French Prime Minister Jean Castex on Thursday announced a limited month-long lockdown for Paris and several other regions to combat surging Covid-19 cases, while insisting the measures would be less strict than in the past.

While non-essential businesses will close and movement outside will be restricted in the affected regions, schools will stay open and outdoor exercise allowed up to 10 kilometres (6 miles) from home, he said.

President Emmanuel Macron had so far resisted imposing a nationwide lockdown this year but his premier said the situation in Paris and elsewhere made the regionally-targeted measures affecting around a third of the country’s population unavoidable.

“We are adopting a third way, a way that should allow braking (of the epidemic) without locking (people) up,” Castex told reporters.

He said the measures were due to an increased number of Covid-19 cases due to a “third wave” of the virus, with around 1,200 people in intensive care in the Paris region alone.

The other regions affected by the new measures notably also include the Hauts-de-France region of northeast France which covers the city of Lille as well as the Alpes-Maritimes on the Mediterranean, as well as Seine-Maritime and the Eure in the north.

Health Minister Olivier Veran said that there were more people in intensive care in the Paris region than during the second wave in November, with hospital capacity now saturated.

But striking a note of hope he added: “We really hope that with these braking measures we will pass the peak of this wave and on the other side of this wave we will find spring and unlike last year the protection of the population through vaccination.”

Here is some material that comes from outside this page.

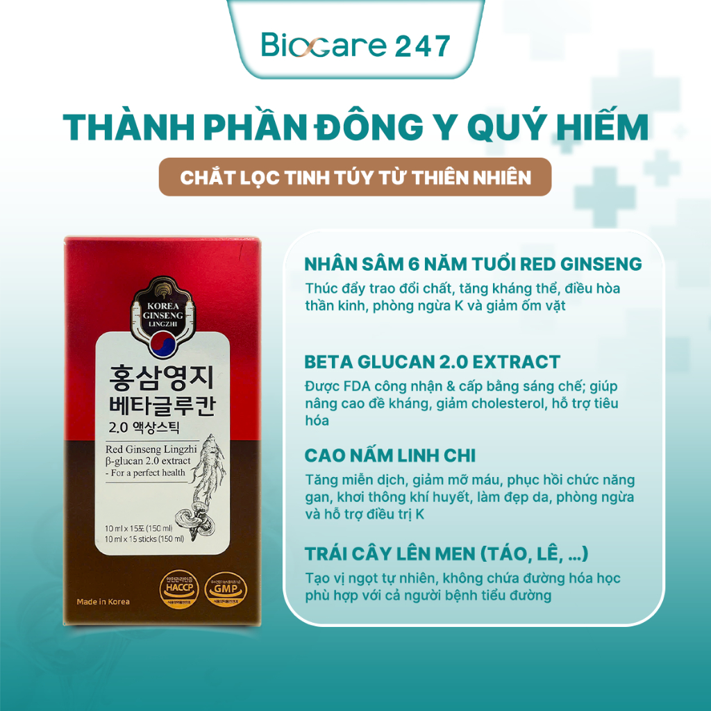 Sản phẩm Nhân sâm linh chi Beta Glucan 2.0 extract là phiên bản nâng cấp hoàn hảo so với Nhân sâm linh chi Beta Glucan 1.6. Sản phẩm được chiết xuất từ Nhân Sâm 6 năm tuổi Red Ginseng cô đặc (hàm lượng dinh dưỡng cao), Cao Nấm Linh Chi, hoạt chất Beta Glucan 2.0, nấm Agaricus, nấm reishi, nấm chaga, táo tàu, vitamin C, vitamin D… và bào chế dưới dạng extract, giúp mang lại hiệu quả cao và an toàn gấp nhiều lần so với các sản phẩm nhân sâm thông thường khác. Nhân sâm linh chi Beta Glucan 2.0 Extracr với thành phần Nhân sâm 6 năm tuổi Red Ginseng và nấm linh chi, đây được mệnh danh là thần dược trong Đông y của Hàn Quốc, được người dân Hàn Quốc sử dụng hàng ngày như là 1 loại thực phẩm bổ sung cho sức khỏe. Sản phẩm đặc biệt phù hợp với người cao tuổi, hay mệt mỏi, người mới ốm dậy, suy nhược cơ thể,… Trong những năm trở lại đây, Nhân sâm linh chi Beta Glucan dần trở thành món quà sức khỏe được ưu tiên lựa chọn để tặng cho người thân và đối tác quan trọng. Nhân sâm linh chi Beta Glucan 2.0 Extract – Chắc lọc tinh túy từ thiên nhiên.  Thành phần nguyên liệu chính của sản phẩm đã tạo nên sự khác biệt và mang lại giá trị tuyệt vời cho sức khỏe. Sản phẩm sở hữu những yếu tố quý giá giúp hỗ trợ và củng cố hệ miễn dịch cho cơ thể  – Nâng cao hiệu quả và an toàn gấp nhiều so với sản phẩm thông thường.    Nhân sâm 6 năm tuổi Red Ginseng Nhân sâm 6 năm tuổi Red Ginseng được nghiên cứu và chứng minh chứa rất nhiều dưỡng chất tối ưu cho cơ thể con người. Được thu hoạch vào độ tuổi vàng của sâm giúp sâm đạt được nguồn dinh dưỡng cao nhất với lượng lớn hoạt chất quý giá cùng các dưỡng chất thiết yếu, mang đến những lợi ích tối đa cho sức khỏe. Đặc biệt, nhân sâm 6 năm tuổi Red Ginseng được chiết xuất từ thân và hoa có hàm lượng saponin cao gấp nhiều so với nhân sâm thông thường, nổi bật với những công dụng tuyệt vời như: ? Tác động trực tiếp đến hệ thống miễn dịch ? Hỗ trợ tăng cường kháng thể và kháng vi khuẩn ? Giảm stress, điều hòa hệ thần kinh trung ương ? Tăng cường trao đổi chất, điều hòa cơ ? Hạn chế tổn thương chức năng gan, bảo vệ gan, ức chế sự kết dính của các tiểu huyết cầu ? Ngăn chặn sự phát triển của tế bào ung thư Nấm linh chi Chứa Polysaccharides giúp tăng cường hệ miễn dịch, cải thiện và phục hồi chức năng gan, hạn chế sự phát triển của tế bào ung thư, Adenosine giảm cholesterol và mỡ trong máu, cân bằng trao đổi chất, cải thiện chức năng tiêu hóa, ức chế các triệu chứng dị ứng, lưu thông khí huyết và giúp các tế bào hấp thụ oxy tốt hơn, kháng viêm, chống dị ứng và làm đẹp da. Beta Glucan 2.0 Extract Với sự nâng cấp từ 1.6 lên 2.0, Hoạt chất Beta Glucan có trong sản phẩm này cao hơn các loại men thông thường. Đây là chuỗi phân tử Polymer polysaccharide, là chất xơ hòa tan được enzym hóa từ chủng khuẩn Saccharomyces cerevisiae, chứa 50% protein thực vật, giàu chất khoáng và các vitamin cần thiết cho cơ thể, tác dụng mạnh lên hệ miễn dịch, ngăn ngừa ung thư, nâng cao sức đề kháng, giảm cholesterol, kích hoạt chức năng tiêu hóa, cân bằng hệ men đường ruột, Được FDA công nhận là phụ gia thực phẩm và cấp bằng sáng chế quốc tế:

As in previous lockdowns, a form written out or downloaded on the phone will be needed to justify why a person has left the home in areas under the new restrictions.

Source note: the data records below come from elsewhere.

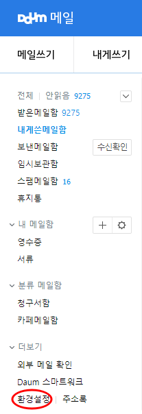 다음 메일에 로그인후 환경설정을 선택하세요.
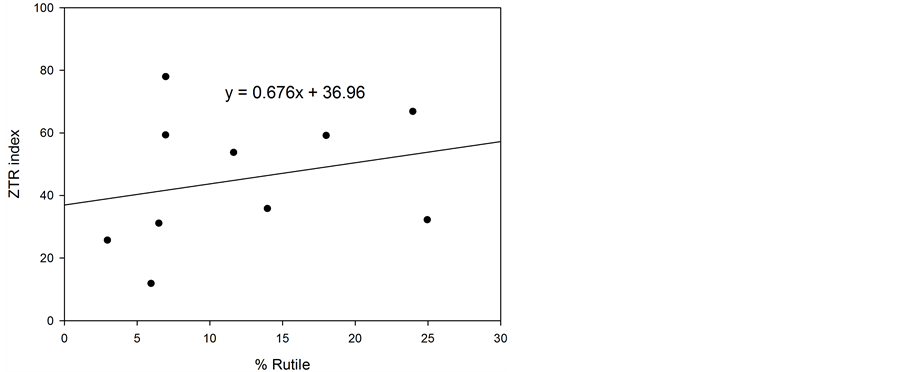 Figure 10. Regression of rutile percentage with ZTR index of all samples.
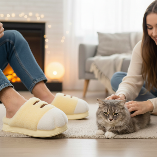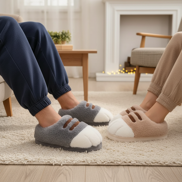 PurrStep⢠combineert pluche zachtheid en anti-slipzolen voor warme voeten, minder koude stress en ontspannen avonden zonder uitglijden
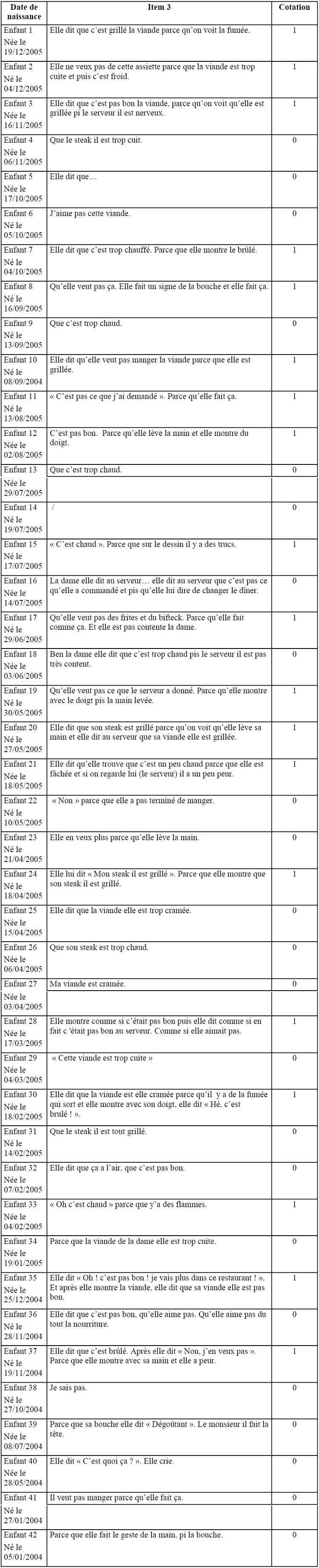 Comme pour l’item 1, nous pensons que les enfants auraient obtenu de meilleurs résultats si la question « Comment le sais-tu ? » avait été posée séparément de la première question, où l’on demande ce que la dame dit au serveur.

Residents in affected regions will not be allowed to travel to other areas, except for essential business, said Castex.

But Castex said that “while this is not good news” for people living in those regions, the restrictions were less severe this time.

“These confinement measures will not be a repeat of those we imposed in March and last November,” said Castex.

Meanwhile, a curfew that has been in place nationwide will also relaxed all over France so it ends at 7:00 pm rather than 6:00 pm to take account of the longer days, Castex said.

Almost exactly a year ago, Macron ordered France’s first national lockdown which was among the strictest in the world, followed by a second at the end of October.

The handling of the health crisis has consequences for Macron, just over 12 months from presidential elections, in which he is expected to seek a second mandate.

The president has been keen to emphasise that limitations in France have been limited this year compared to the lockdowns seen in Britain and Germany.

Defending the president, Castex said had France decided to lock down in January “we would then have inflicted on the country a lockdown of probably three months”, adding that keeping schools open was “a choice that sets us apart from many of our neighbours”.

But government is well aware that as well as registering soaring cases, France has made a sluggish start to its vaccination campaign with just 5.6 million receiving a first dose.

This week it suspended use of the AstraZeneca/Oxford jab in line with many European countries after reports of blood clots.

But following a green light from the European Medicines Agency (EMA) that the vaccine was “safe and effective” the jabs will now resume, Castex said, adding he would himself get the AstraZeneca jab on Friday

“I will get myself vaccinated with this vaccine to show that we can have complete confidence in it,” Castex said. “I am convinced that the confidence will return.”

French Europe Minister Clement Beaune defended the choice of many European countries to suspend use of the vaccine and refer it to the EMA for safety checks.

“This European procedure was necessary in order to coordinate and remove the doubts,” he told AFP.